18 degrees this morning, but that should be it for the snowy cold. The day will warm up to 40. We headed to town yesterday, as the snowy dirt road is much better than the muddy dirt road. I picked up some drywall and plaster to see what can be done about the upstairs…
First up, with the wasps up in the attic slowed down by the cold I headed up through a bare access hole (that I had stapled plastic over years ago), to fix the peak vents and knock down the wasp nests. I’d thought I would need to screen-wire the vents after watching from outside last fall as flies swarmed at them, but the vents were put in with their own wire fittings back in the day. The hole cut through the wall for them was irregular with big gaps, which illustrates what I’m always up against. No access for flies now because- sprayfoam. This area only gave me access to the North addition to the house, and there is no access to the other portions: that means ladders, yarg. Next was making a panel for the access hole.
The access panel is insulation board sandwiched between wood panel, suspended from the 2×4 ceiling joists. Roll-out fiberglass insulation with paper backing facing down against the lathe board is still mostly intact up there. It may look a mess, but that is what I picked up the plaster board for (not nearly enough though). The panel can be fit with plaster board to match the ceiling- when I get around to all that. Then I put in a handrail up the steep steps to the upstairs, because safety comes eventually. I’ll put a pic in of that later.
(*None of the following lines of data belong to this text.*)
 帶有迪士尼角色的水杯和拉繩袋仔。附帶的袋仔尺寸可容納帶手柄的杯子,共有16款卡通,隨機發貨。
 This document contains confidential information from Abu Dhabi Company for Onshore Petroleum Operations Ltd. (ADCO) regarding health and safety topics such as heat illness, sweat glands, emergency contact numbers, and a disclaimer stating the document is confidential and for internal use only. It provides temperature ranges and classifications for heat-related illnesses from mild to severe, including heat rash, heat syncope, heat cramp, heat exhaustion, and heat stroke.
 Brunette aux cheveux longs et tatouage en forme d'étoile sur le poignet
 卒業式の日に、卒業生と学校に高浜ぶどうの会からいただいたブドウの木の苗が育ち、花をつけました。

Before any other jobs get started, I need to take care of an ancient leak in the roof that runs down the inside of the wall from the upstairs all the way down to the laundry room. This exposed area was covered by the one of two drywall panels in the house. The drywall was mostly ruined by water, and I’m guessing had been put in place after “fixing” the leak, prior to cutting the holes (filled with sprayfoam just above the floor) for blow-in insulation: that would be in the 1960’s when my uncle was upgrading the old place. A dry bay of insulation is on the left, with the classic 3/4 fill. Other than never entirely filling the bays, blow-in also traps any moisture that might invade the envelope of the house leading to rot. In this case the insulation was a mix of wet and frozen in the center bay, that I removed. To the right is lathe board faced on the other side with the only other drywall panel in the house, in the bedroom I’d just fitted the access panel closure. This is also a joint of two outside walls meeting- where I could see daylight, so more sprayfoam. But none of this is the problem. This is just a mess caused by the problem above…
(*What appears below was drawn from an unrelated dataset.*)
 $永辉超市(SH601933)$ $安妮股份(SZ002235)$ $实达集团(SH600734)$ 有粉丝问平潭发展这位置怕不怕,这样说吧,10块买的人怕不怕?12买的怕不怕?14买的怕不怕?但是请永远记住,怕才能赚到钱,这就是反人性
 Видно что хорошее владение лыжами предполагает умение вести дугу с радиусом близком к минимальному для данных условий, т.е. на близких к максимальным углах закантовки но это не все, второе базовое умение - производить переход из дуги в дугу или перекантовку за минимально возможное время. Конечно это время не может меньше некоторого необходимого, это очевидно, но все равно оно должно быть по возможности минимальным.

I cut away a portion of the gable ceiling. The right side is where I’d laid in some rockwool last summer in a dry joist-bay, which is still dry. The left side was rotted out and dripping down into a plastic container I’d put on the floor, and was nearly overspilling. I cut out all the rotten wood, the old cedar shingles, and the tar/sand shingles, and arrived at the new steel roof. This is a section where two pitches of roof converge, on the N side of the house. An ice dam holds back a whole mess of snow and melt and ice. I’ve been up there a few times in summer to tar the surface gaps; oh well.
I scrounged around and found my old painting pallet from 1998, it is clear acrylic sheeting, and cut it to overfit the hole. I slid it up under the tar/sand shingles, and over the top of the old roofing at the bottom. I went to squeeze some caulk along the edges, and the tube exploded out the back end, so I troweled it into place then sprayfoamed the gap at R between the 2×4 trestle and the acrylic. The water is running over the acrylic panel nicely, but I still don’t know where the leak is, this is just where it breaks through. Fixing a leaking roof from inside the house isn’t really a thing anyway.
Our 6 inches of snow is nearly melted away, and a big rainstorm is forecast for tomorrow- so we’ll see whether my roof fix continues to hold up so things can dry out.